With notation following the nLab entry, let's take $X=\T^2$, be a two-torus and $A\to X$ be the trivial bundle with $\bar{A}:=\R$ fibres: $A\cong X\times\bar{A}=\T^2\times \R$. The connection on $A$ is the trivial connection, so that $\mathrm{d}_\nabla = \mathrm{d}:\Omega^p_A\to\Omega^{p+1}_A$ is just the de Rham differential. Therefore the cohomology we are computing is $$H^p(X;\mathscr{A}) \cong H^p(X;A,\nabla) \cong H^p(\T^2;\T^2\times\R,0) \cong H^p(\T^2;\R),$$ just the cohomology of the two-torus with real coefficients.
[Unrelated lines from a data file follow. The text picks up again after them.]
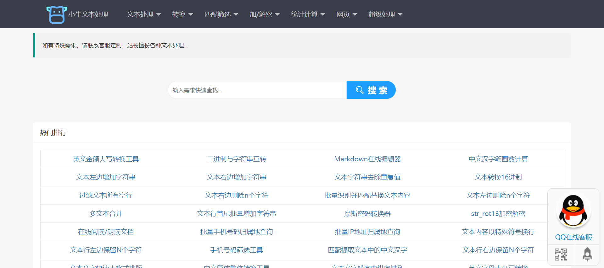 小牛文本处理网是一个强大的在线文本处理平台,提供多种实用工具和服务,涵盖文本转换、匹配筛选、加解密、统计计算、网页处理等多个领域。
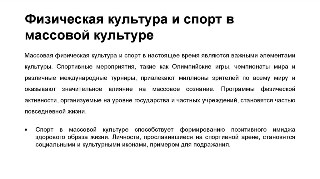 Массовая физическая культура и спорт в настоящее время являются важными элементами
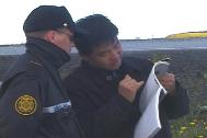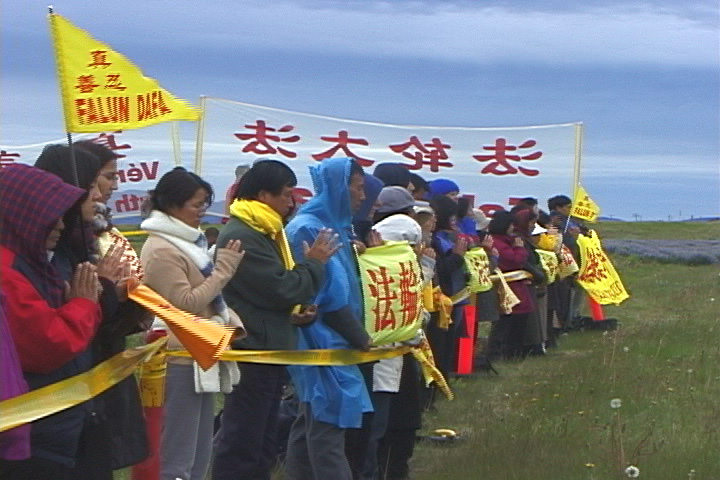 满载着大法弟子的巴士六时许起程到达指定地点。此时天空乌云渐密,阴风渐起,大法弟子有序地展开横幅,同时与值勤的警察说明为什么我们来到此地的原因,气氛祥和而平静。有位警察向我们透露了江XX车队预定到达的时间,并同意负责摄影的学员在江XX车队接近时走上公路拍摄。身穿礼服的警察总指挥表示对我们了解,并说,“等‘他(江XX)’走后阳光又会再度照射你我,一切将恢复平静。”
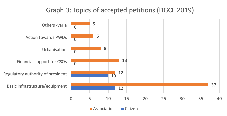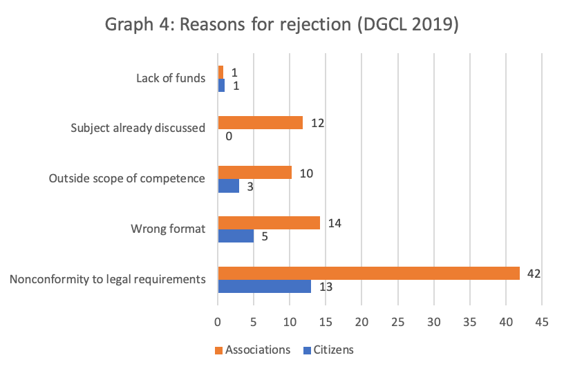 The final graph extrapolated from the 2019 report of the Directorate General of Local Governments concerns the reasons of rejections. It is immediately clear that the main issues that caused the rejection of petitions up to September 2019 are related to the form of citizens’ requests – rather than the substance. For associations, the nonconformity to legal requirements mostly relates to not being of at least 3 years old, not having an official récépissé, or to having presented a petition on a subject on which the association doesn’t work on. For citizens, the nonconformity is rather related to the signatures supporting the petitions (not reaching the threshold for signatures, not providing all the valid supporting documents, not validating all the signatures, etc.).
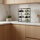Elegancki stojak na wino z drewnianym blatem to stylowy element każdego wnętrza. Przechowuj nawet 12 butelek w kompaktowej formie. Doskonały na kolekcję ulubionych win Blat do kieliszków i ozdób Pojemność przy niewielkich wymiarach Szybki montaż
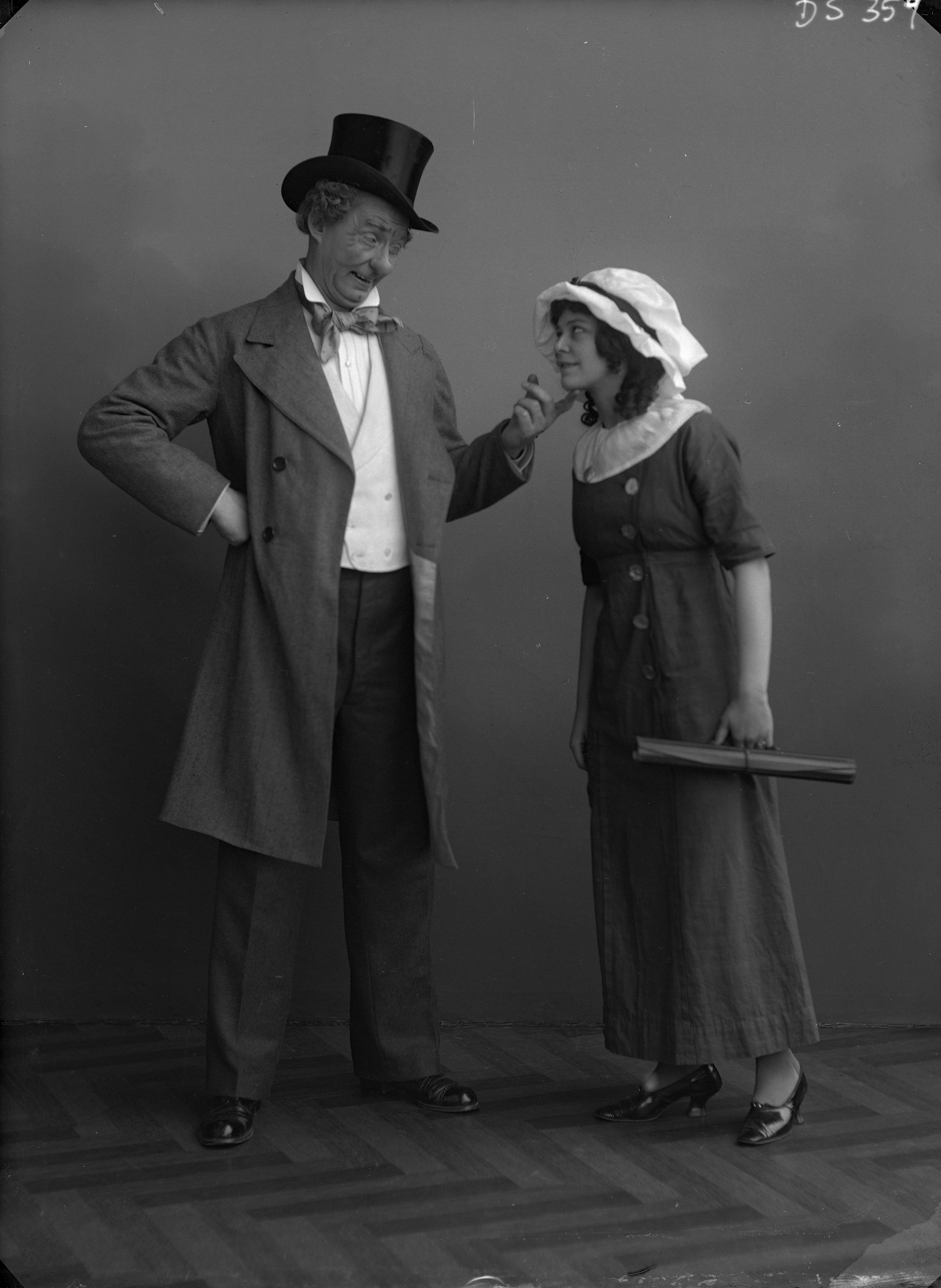 Porträtt i helfigur av medlemmar ur Lianders teatersällskap, "Liander-Norin".

Now, following nLab, substituting my trivial example, we have that the universal covering space is $\widetilde{X}=\R^2$, $\pi:=\pi_1(X)=\Z^2$ and the deck transformations are just translations $\R^2\to\R^2$. The trivial bundle over the covering space is $\widetilde{A}\cong\widetilde{X}\times \bar{A} = \R^2\times\R$. The action of $\pi$ on $\Omega^p(\widetilde{X})$ is given by the pullback along a deck transformation, so, by the pullback along a translation. In this case, the $\pi$-invariant piece of $\Omega^p(\widetilde{X})$, $\Omega^p(\widetilde{X})^\pi$ is simply translation-invariant $p$-forms on $\R^2$, so just periodic $p$-forms. So, $\Omega^p(\widetilde{X})$ trivially splits into $\Omega^p(\widetilde{X})^\pi\oplus\Omega^p(\widetilde{X})^\hat{\pi}$, as periodic$\oplus$non-periodic $p$-forms, and hence so does $\Omega^p_{\widetilde{A}}(\widetilde{X}):=\Omega^p(\widetilde{X})\otimes\bar{A}$. This means that the conditions for Proposition 4.2. are met and hence gives that $$H^p(X;\mathscr{A})\cong \left(H^p(\widetilde{X})\otimes\bar{A}\right)^\pi.$$
In this specific case this implies: $$ H^p(\T^2;\R) \cong H^p(X;\mathscr{A})\cong \left(H^p(\widetilde{X})\otimes\bar{A}\right)^\pi \cong \left(1\otimes\R\right)^\pi \cong 1.$$ This is, of course, obviously wrong! The question is, where did I mess up? How would things change if I actually had a non-trivial bundle to begin with?